It was
cold the evening I went to meet her, not much above freezing. It was dry, at
least. Not like last winter when there were 80-something days in a row of rain
and wet overcast. Back then my breath would’ve left puffs of fog, my own
contrail like the ones the 737s and A320s paved overhead in the last rays of the
day’s sunlight. This year the mask sent all the condensation straight to my
glasses.
The
leaves crunched under the rigid soles of my shoes, worn down by 12 relentless
months of pounding into concrete, asphalt, dirt, rock, and mud. My legs worked
harder as I trudged up the hill to meet her, and I began to feel a little less
shivery inside the old dirty jacket. I reminded myself that I’d need to wash it
soon, and hoped I wouldn’t forget like the zillionteen times before. We met
where there was nowhere higher to climb.
“I took
a COVID test on Thursday. It was negative,” she said. Her bare face studied
mine. Cloth didn’t make a sturdy shield, but it was better than nothing.
“That’s
great,” I replied. “I haven’t, though.”
“Really?”
she said with an accent of surprise. “All these months and you never took one?”
I
shrugged. “It just never seemed necessary. Sarah had one a few weeks ago,
though. It was negative.”
She
nodded. “Well, you don’t need to wear that for me. I’m just wrapping up and
then I’ll be outta here.”
I felt
the elastic stretch as I tugged the mask off. It was always fun for a moment to
pull off one loop and pretend it was like a fighter pilot’s oxygen mask. Then
the next loop, and the flesh of my ears began to bounce back. I felt the true
chill of the air on my face for the first time.
“Why do
we have to do this this time of year?” I asked. “We could do this any time, and
we pick the time when there’s uselessly little light and it’s freezing and it’s
raining more often than not.”
She
shrugged this time. “You could do this any time of the year. But it’s a long
standing tradition to do it now. Can you help me with this?” She pointed to the
contraption at the summit. I nodded my assent.
I
slipped the backpack straps off and set the tank down on the ground. It felt
heavier in my arms than it had on my back, even lugging it up the hill. “You’d
think,” I said, “after holding three kids for five years I’d have a little more
upper body strength than this.”
“Well,”
she replied, “it would help if you actually worked out. You had a big tank,
after all.”
I
appreciated her bluntness. “It’s not as big as it looks when you’re living in
it.”
We
lined up the fittings and tightened the B-nuts. Something seemed less than
professional about the setup. When it was designed by someone else it seemed
like real engineering. When I designed it, it still felt like claptrap. The
last connection made, I turned on the pump.
There
was a long pause as time flowed from my reservoir into hers. I felt older, more
tired. Each year, it seemed, the stressors accumulated, and relief became
harder to imagine. I began to wonder if my sense of hope was defective. I was
about to say something when she-
I get
the feeling you guys don’t like me as much as my sisters.” She was staring at
the twilight airglow in the southwest when she said that, then turned to me.
Her pupils were big. I couldn’t quite discern the color of her irises.
I
wasn’t sure what to say. “Well can you blame us? I mean look at January. We
almost went to war with Iran. The wildfires in Australia made California,
Brazil, Siberia seem like an appetizer. Locusts were devouring Africa. Democracy
was falling apart. And it just got-“ She butted in.
"You’re
talking about global scale events. That’s like a bacterium in a pond going on
and on about a thunderstorm.
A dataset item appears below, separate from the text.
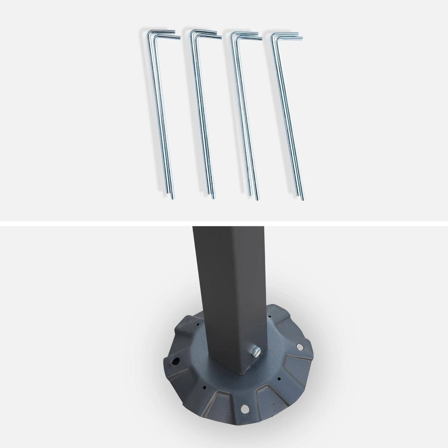 La toile de toit, dont la fonction principale est de protéger du soleil, est en polyester et d’une densité de 180g/m2. La structure est solide car elle est en acier renforcé. Pour lui donner un joli coloris uniforme, elle est recouverte d’une peinture époxy.
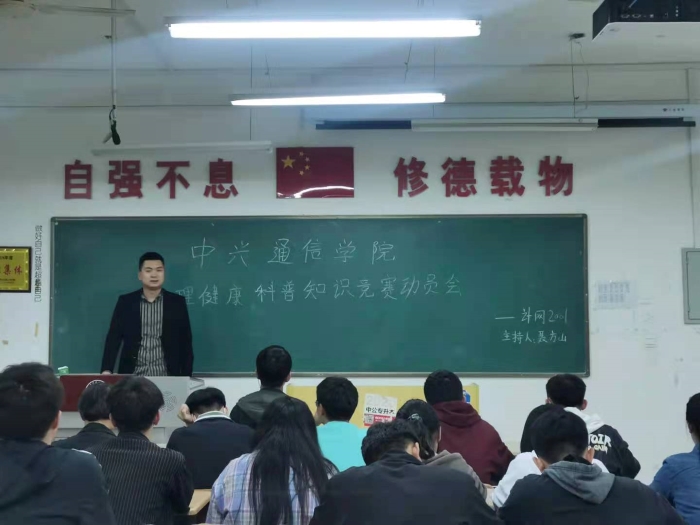 各年级辅导员老师召开了心理健康科普知识竞赛动员会,向全体学生传达了学生处的工作布置。同时,向学生详细介绍了竞赛的安排:各二级学院对报名学生集中笔试以完成初试选拔;初试选拔出的学生分成若干代表队,以团队形式比赛进行复试;复试后各学院选出3-6名学生进入学校总决赛;进入总决赛的同学学校进行知识强化培训,取成绩最优的前三名代表我校参加省赛。

You’re in a raindrop, not a storm.” She paused to
take a breath. “Tell me about your life.”
I shook
my head. “My life exists in this world. The events of this world affect me. A
year ago I didn’t know there was a province of China called Hubei. A guy kills
a pangolin at a meat market there and four months later I’m sobbing in a
parking garage like I haven’t sobbed since Matt died.” My turn for a breath.
“So now you’re going to explain to me how this is disconnected? How my
reactions are unjustified by events?”
"No.”
She shook her head. Those pupils again. “I want to hear about you.”
I
wondered what to say. “Those first two months were anticipation. We’re not
going to talk about the impeachment, but that happened. I care about this
country, so that happened and it affected me. But you’re right, on the
bacterium level there were more important things happening to us. Sarah had a
hard time at the end of the pregnancy. That’s not me, but it is me in a way. I
care about her. We live different lives but we also share our lives with each
other. I knew things were going to change when Mira was born because of her,
but I didn’t know they were going to change completely otherwise.”
“How
else did they change?”
“The
same weekend Mira was born the lockdown started. We went from having two kids in full time care to three kids and no outside
care in a 36 hour period. That same period included major surgery for Sarah and
a moment where I was convinced she or Mira or both would die. So yeah, it would
be great if I didn’t cry like someone had died, but it was hard.”
Time
flowed through the lull in our conversation. In the coil of tubes heat flowed
through forced convection in a turbulent boundary layer, conduction through the
exchanger walls, and free convection with the air we breathed. I appreciated
the brutal elegance of the system. I should’ve taken more and more practical
heat transfer classes in college, I thought. I liked doing that kind of work
and wished I was doing more of it now.
“It’s
not as though you had no help,” she reminded me.
I had
to concede the point. “You’re right. Having Sarah’s mom here saved our bacon.
It was still hard adjusting. All the rules and norms and expectations about how
work and family and the way we manage time between them had to break overnight.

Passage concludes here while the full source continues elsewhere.